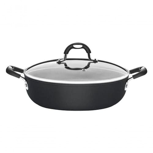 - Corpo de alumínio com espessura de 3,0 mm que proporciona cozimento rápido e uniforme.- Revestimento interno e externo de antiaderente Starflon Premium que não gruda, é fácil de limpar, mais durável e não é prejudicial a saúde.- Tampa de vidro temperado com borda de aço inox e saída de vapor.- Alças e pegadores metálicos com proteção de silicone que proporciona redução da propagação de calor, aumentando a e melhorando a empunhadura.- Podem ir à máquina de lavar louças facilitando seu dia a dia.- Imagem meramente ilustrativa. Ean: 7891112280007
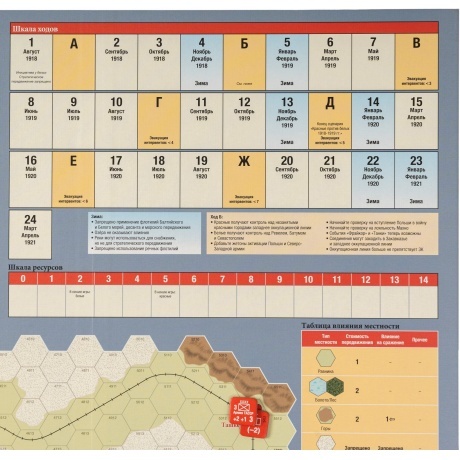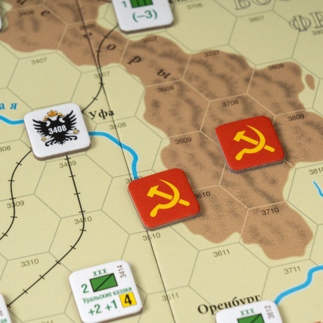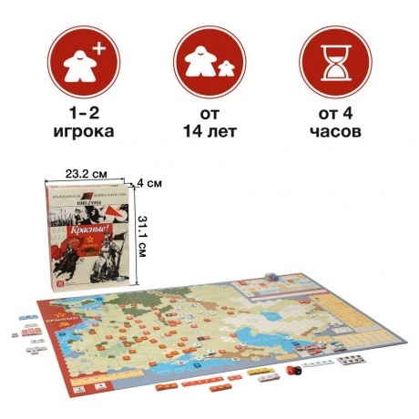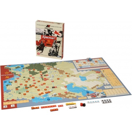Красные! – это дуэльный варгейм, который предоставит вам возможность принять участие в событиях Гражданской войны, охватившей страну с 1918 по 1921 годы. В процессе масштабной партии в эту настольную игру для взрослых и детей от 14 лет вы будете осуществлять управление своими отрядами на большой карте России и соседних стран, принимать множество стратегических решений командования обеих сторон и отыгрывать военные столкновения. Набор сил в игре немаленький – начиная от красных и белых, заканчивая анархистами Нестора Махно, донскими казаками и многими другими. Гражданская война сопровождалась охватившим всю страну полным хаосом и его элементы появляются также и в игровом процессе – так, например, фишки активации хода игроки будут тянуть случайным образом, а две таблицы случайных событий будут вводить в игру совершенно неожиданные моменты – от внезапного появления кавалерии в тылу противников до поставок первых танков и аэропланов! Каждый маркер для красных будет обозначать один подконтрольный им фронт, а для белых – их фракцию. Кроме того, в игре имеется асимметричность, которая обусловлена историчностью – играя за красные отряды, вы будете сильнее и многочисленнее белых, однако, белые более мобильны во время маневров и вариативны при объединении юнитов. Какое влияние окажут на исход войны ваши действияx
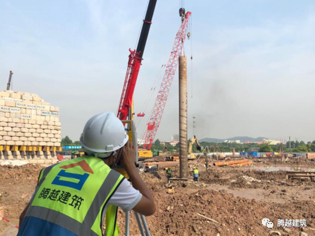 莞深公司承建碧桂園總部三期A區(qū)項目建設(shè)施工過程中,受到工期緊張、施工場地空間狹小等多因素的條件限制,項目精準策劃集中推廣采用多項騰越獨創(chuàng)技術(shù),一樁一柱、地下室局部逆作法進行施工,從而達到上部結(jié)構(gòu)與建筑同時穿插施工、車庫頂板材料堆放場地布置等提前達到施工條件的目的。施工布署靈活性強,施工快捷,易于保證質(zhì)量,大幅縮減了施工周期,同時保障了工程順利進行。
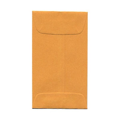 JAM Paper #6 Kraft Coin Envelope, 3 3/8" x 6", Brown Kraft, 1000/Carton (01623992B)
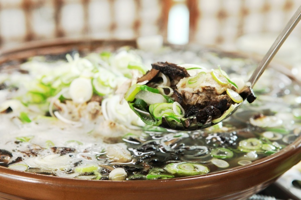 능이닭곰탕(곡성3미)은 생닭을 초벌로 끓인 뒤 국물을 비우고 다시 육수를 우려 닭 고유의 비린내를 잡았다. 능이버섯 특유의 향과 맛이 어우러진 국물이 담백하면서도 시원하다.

- - -

→ The task
Output, word for word, the full listing above, with no pictures.

→ Answer
 - Corpo de alumínio com espessura de 3,0 mm que proporciona cozimento rápido e uniforme.- Revestimento interno e externo de antiaderente Starflon Premium que não gruda, é fácil de limpar, mais durável e não é prejudicial a saúde.- Tampa de vidro temperado com borda de aço inox e saída de vapor.- Alças e pegadores metálicos com proteção de silicone que proporciona redução da propagação de calor, aumentando a e melhorando a empunhadura.- Podem ir à máquina de lavar louças facilitando seu dia a dia.- Imagem meramente ilustrativa. Ean: 7891112280007
Красные! – это дуэльный варгейм, который предоставит вам возможность принять участие в событиях Гражданской войны, охватившей страну с 1918 по 1921 годы. В процессе масштабной партии в эту настольную игру для взрослых и детей от 14 лет вы будете осуществлять управление своими отрядами на большой карте России и соседних стран, принимать множество стратегических решений командования обеих сторон и отыгрывать военные столкновения. Набор сил в игре немаленький – начиная от красных и белых, заканчивая анархистами Нестора Махно, донскими казаками и многими другими. Гражданская война сопровождалась охватившим всю страну полным хаосом и его элементы появляются также и в игровом процессе – так, например, фишки активации хода игроки будут тянуть случайным образом, а две таблицы случайных событий будут вводить в игру совершенно неожиданные моменты – от внезапного появления кавалерии в тылу противников до поставок первых танков и аэропланов! Каждый маркер для красных будет обозначать один подконтрольный им фронт, а для белых – их фракцию. Кроме того, в игре имеется асимметричность, которая обусловлена историчностью – играя за красные отряды, вы будете сильнее и многочисленнее белых, однако, белые более мобильны во время маневров и вариативны при объединении юнитов. Какое влияние окажут на исход войны ваши действияx
 莞深公司承建碧桂園總部三期A區(qū)項目建設(shè)施工過程中,受到工期緊張、施工場地空間狹小等多因素的條件限制,項目精準策劃集中推廣采用多項騰越獨創(chuàng)技術(shù),一樁一柱、地下室局部逆作法進行施工,從而達到上部結(jié)構(gòu)與建筑同時穿插施工、車庫頂板材料堆放場地布置等提前達到施工條件的目的。施工布署靈活性強,施工快捷,易于保證質(zhì)量,大幅縮減了施工周期,同時保障了工程順利進行。
 JAM Paper #6 Kraft Coin Envelope, 3 3/8" x 6", Brown Kraft, 1000/Carton (01623992B)
 능이닭곰탕(곡성3미)은 생닭을 초벌로 끓인 뒤 국물을 비우고 다시 육수를 우려 닭 고유의 비린내를 잡았다. 능이버섯 특유의 향과 맛이 어우러진 국물이 담백하면서도 시원하다.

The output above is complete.